### TASK GOAL:
Below are records; reproduce exactly the lines from the one that has "The Vesi 4-Light" through the one that has "點擊下載全文:預拌混凝土質量管理細節淺談", ends included, and nothing more.

### ENTRIES SUPPLIED:
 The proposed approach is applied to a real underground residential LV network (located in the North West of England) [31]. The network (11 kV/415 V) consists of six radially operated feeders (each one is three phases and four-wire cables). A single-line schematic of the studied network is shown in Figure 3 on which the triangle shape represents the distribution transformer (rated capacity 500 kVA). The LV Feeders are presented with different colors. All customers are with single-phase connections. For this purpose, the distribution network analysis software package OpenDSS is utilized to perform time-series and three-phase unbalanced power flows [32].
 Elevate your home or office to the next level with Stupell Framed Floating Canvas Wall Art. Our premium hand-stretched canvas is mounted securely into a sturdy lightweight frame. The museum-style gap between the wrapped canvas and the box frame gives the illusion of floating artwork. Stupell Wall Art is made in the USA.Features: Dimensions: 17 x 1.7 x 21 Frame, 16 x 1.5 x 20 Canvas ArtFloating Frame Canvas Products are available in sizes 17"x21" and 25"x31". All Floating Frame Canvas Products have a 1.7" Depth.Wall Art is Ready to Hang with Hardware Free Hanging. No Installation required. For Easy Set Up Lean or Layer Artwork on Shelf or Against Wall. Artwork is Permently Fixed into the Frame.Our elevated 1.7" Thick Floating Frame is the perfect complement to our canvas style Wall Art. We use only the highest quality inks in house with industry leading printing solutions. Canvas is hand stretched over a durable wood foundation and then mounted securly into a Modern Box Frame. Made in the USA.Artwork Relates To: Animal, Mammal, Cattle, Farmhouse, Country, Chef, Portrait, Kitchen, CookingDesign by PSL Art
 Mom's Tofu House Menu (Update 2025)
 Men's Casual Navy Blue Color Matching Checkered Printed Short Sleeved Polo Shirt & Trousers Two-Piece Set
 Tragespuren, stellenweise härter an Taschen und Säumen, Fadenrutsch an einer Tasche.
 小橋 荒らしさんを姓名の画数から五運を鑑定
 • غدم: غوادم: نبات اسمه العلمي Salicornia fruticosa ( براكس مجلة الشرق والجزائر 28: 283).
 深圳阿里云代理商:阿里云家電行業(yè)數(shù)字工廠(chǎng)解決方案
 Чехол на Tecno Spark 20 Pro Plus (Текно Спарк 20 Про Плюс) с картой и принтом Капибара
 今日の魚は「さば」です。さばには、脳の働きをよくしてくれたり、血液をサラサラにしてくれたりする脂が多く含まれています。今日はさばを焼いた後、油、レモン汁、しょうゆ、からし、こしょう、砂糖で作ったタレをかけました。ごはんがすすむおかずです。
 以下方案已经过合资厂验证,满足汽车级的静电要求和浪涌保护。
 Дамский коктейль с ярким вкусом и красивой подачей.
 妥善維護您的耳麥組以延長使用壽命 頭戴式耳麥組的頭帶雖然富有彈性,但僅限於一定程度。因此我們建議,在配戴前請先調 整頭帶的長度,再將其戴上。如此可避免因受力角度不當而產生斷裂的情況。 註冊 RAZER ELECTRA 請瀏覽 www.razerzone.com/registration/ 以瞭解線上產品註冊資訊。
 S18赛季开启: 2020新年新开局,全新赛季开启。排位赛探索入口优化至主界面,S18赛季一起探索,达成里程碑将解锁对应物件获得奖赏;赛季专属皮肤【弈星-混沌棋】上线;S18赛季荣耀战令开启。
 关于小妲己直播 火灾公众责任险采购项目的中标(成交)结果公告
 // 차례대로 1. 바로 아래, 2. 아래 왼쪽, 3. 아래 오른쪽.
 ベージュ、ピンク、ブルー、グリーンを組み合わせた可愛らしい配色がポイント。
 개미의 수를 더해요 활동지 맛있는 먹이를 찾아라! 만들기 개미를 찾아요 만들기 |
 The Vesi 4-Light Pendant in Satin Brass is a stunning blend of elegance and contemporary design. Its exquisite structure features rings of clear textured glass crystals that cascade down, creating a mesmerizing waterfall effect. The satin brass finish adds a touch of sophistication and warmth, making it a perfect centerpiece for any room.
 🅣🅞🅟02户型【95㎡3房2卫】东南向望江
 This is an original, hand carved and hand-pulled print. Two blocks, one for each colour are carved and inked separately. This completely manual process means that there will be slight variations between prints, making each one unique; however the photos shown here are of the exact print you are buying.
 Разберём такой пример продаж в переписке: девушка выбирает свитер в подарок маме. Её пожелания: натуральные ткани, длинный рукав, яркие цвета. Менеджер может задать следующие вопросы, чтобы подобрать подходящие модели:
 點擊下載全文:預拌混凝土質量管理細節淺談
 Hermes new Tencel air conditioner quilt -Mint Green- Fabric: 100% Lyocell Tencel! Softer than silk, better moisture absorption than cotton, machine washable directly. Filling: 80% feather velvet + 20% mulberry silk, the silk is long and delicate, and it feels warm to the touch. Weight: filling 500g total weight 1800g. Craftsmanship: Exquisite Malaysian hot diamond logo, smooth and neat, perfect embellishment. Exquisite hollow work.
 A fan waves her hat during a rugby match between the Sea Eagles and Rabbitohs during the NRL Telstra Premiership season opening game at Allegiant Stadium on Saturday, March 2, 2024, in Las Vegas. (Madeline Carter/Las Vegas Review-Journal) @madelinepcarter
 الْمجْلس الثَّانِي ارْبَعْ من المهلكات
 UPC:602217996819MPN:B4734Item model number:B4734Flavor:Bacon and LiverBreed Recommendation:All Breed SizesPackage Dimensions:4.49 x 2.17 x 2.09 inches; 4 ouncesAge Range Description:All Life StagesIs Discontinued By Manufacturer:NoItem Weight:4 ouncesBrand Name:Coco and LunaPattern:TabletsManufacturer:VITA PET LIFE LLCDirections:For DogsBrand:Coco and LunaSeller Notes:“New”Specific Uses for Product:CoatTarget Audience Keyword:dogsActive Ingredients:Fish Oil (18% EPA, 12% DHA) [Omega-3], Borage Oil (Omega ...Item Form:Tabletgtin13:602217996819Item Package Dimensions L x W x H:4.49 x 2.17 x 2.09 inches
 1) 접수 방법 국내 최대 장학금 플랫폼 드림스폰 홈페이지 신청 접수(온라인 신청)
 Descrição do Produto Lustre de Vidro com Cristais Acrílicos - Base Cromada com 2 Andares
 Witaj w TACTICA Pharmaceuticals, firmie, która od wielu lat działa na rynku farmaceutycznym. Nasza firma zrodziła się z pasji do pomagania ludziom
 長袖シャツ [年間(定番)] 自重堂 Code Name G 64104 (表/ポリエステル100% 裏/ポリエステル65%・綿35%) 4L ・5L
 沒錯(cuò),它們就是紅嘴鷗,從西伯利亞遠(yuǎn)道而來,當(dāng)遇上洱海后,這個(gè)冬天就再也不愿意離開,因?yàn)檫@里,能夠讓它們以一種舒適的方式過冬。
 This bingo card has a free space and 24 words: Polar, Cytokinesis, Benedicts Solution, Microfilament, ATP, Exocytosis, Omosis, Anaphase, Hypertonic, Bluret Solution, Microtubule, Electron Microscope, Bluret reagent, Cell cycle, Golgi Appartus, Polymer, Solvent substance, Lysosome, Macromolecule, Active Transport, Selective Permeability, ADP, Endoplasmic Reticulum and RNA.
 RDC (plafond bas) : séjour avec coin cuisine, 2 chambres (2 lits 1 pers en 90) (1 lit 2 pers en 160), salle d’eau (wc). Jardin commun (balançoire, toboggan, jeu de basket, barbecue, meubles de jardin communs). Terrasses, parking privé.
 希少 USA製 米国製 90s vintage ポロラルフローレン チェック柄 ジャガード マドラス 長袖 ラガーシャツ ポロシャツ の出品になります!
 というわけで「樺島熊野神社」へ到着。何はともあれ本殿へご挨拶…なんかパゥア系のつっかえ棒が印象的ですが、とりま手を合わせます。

### ANSWER TO THIS PROBLEM:
 The Vesi 4-Light Pendant in Satin Brass is a stunning blend of elegance and contemporary design. Its exquisite structure features rings of clear textured glass crystals that cascade down, creating a mesmerizing waterfall effect. The satin brass finish adds a touch of sophistication and warmth, making it a perfect centerpiece for any room.
 🅣🅞🅟02户型【95㎡3房2卫】东南向望江
 This is an original, hand carved and hand-pulled print. Two blocks, one for each colour are carved and inked separately. This completely manual process means that there will be slight variations between prints, making each one unique; however the photos shown here are of the exact print you are buying.
 Разберём такой пример продаж в переписке: девушка выбирает свитер в подарок маме. Её пожелания: натуральные ткани, длинный рукав, яркие цвета. Менеджер может задать следующие вопросы, чтобы подобрать подходящие модели:
 點擊下載全文:預拌混凝土質量管理細節淺談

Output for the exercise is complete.